Yesterday, I described how the typical automated oscillometric blood pressure cuff works. We rely on this workhorse piece of equipment for nearly all pressure determinations outside of the intensive care unit. So the obvious question is, “is it accurate?”
Interestingly, there are not very many good papers that have ever looked at this! However, this simple question was addressed by a group at Harvard back in 2013. This study utilized an extensive ICU database from 7 ICUs at the Beth Israel Deaconess Medical Center. Seven years of data were analyzed, including minute by minute blood pressure readings in patients with both automated cuffs and indwelling arterial lines. Arterial line pressures were considered to be the “gold standard.”
Here are the factoids:
- Over 27,000 pairs of simultaneously recorded cuff and arterial line measurements from 852 patients were analyzed
- The cuff underestimated art line SBP for pressures at or above 95 torr
- The cuff overestimated SBO for pressures below 95 torr (!)

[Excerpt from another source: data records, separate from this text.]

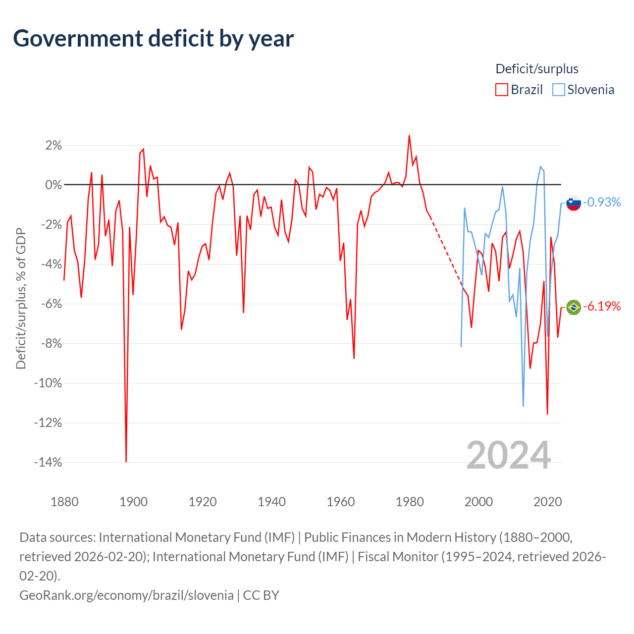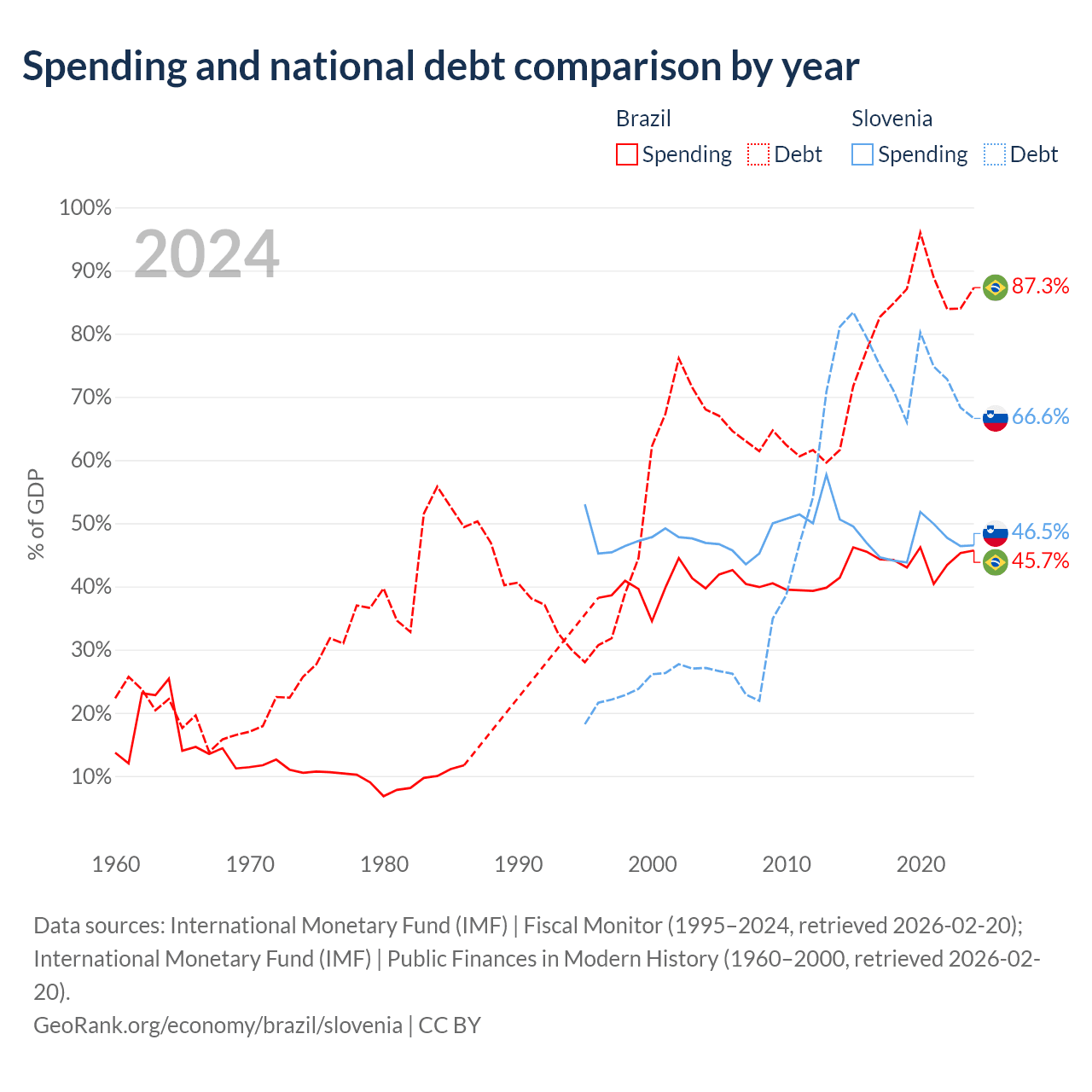 Brazil has $1.91T in government debt (87.3% of GDP), compared to $48.6B (66.6% of GDP) in Slovenia.
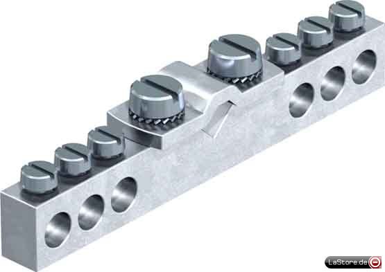 Für Badezimmer. Kontaktleiste aus Messing vernickelt, Schrauben und Klemmbügel aus Stahl galvanisch verzinkt.
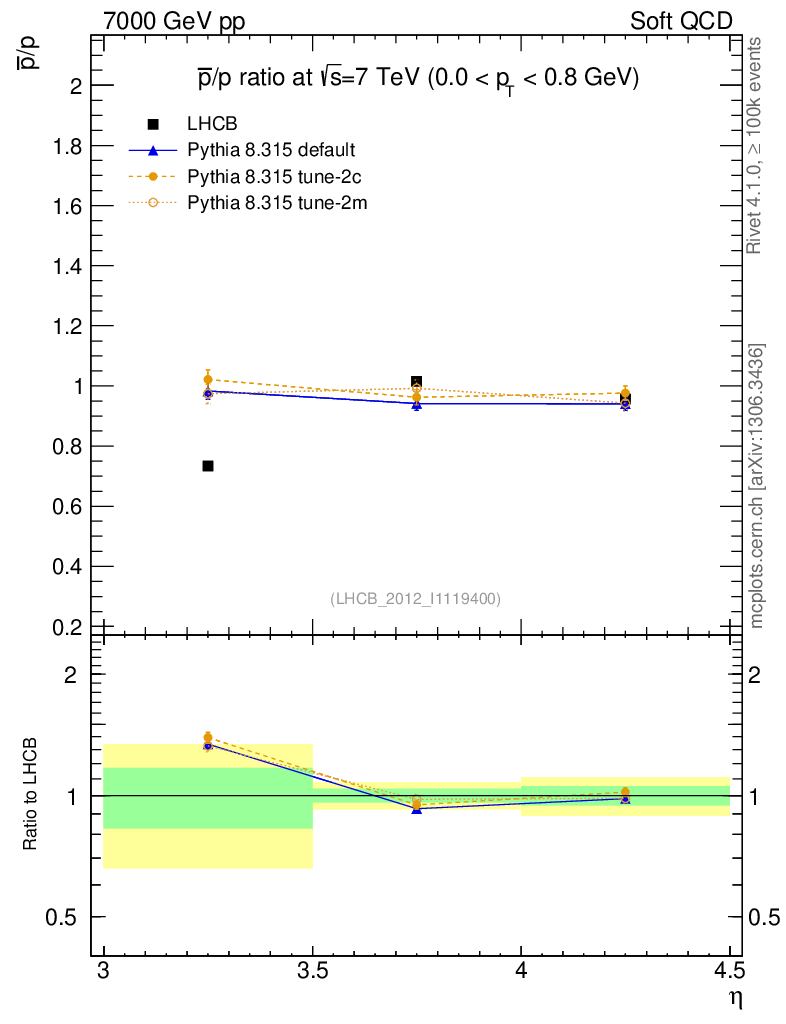 Soft QCD (inelastic) : Identified Particles : Ratios : pbar/p vs |y|
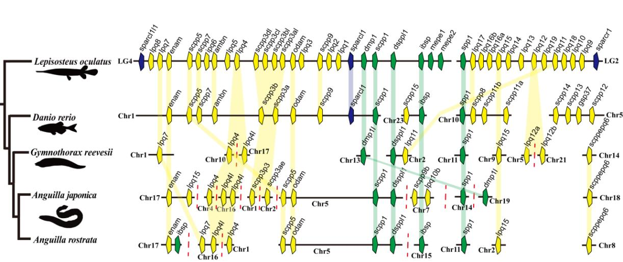 鰻鱺目魚類在進化過程中,體表無鱗或有極少且退化的鱗片。鰻鱺目和其它具有正常鱗片的硬骨魚類之間,存在某些參與鱗片形成的基因差異。其中,SCPP基因家族編碼一系列富含P/Q的分泌型鈣結合磷蛋白,參與骨骼礦化以及牙齒和鱗片形成。研究結果表明,鰻鱺目魚類的SCPP基因數目明顯較少(圖4),推測某些特定SCPP基因的缺失可能與鰻鱺目魚類鱗片極度減少現象相關。總之,本研究為鰻鱺目魚類染色體核型及體型進化的分子機制提供了新見解。

- Patients in profound shock (SBP < 60) had a cuff reading 10 torr higher
- Mean arterial pressure was reasonably accurate in hypotensive patients
Bottom line: The good, old-fashioned automated blood pressure cuff is fine for patients with normal pressures or better. In fact, it tends to understimate the SBP the higher it is, which is fine. However, it overestimates the SBP in hypotensive patients. This can be dangerous!
You may look at that SBP of 90 and say to yourself, “that’s not too bad.” But really it might be 80. Would that change your mind? Don’t get suckered into thinking that this mainstay of medical care is perfect! And consider peeking at the mean arterial pressure from time to time. That may give you a more accurate picture of where the patient really is from a pressure standpoint.
Reference: Methods of blood pressure measurement in the ICU. Crit Care Med Journal, 41(1): 34-40, 2013.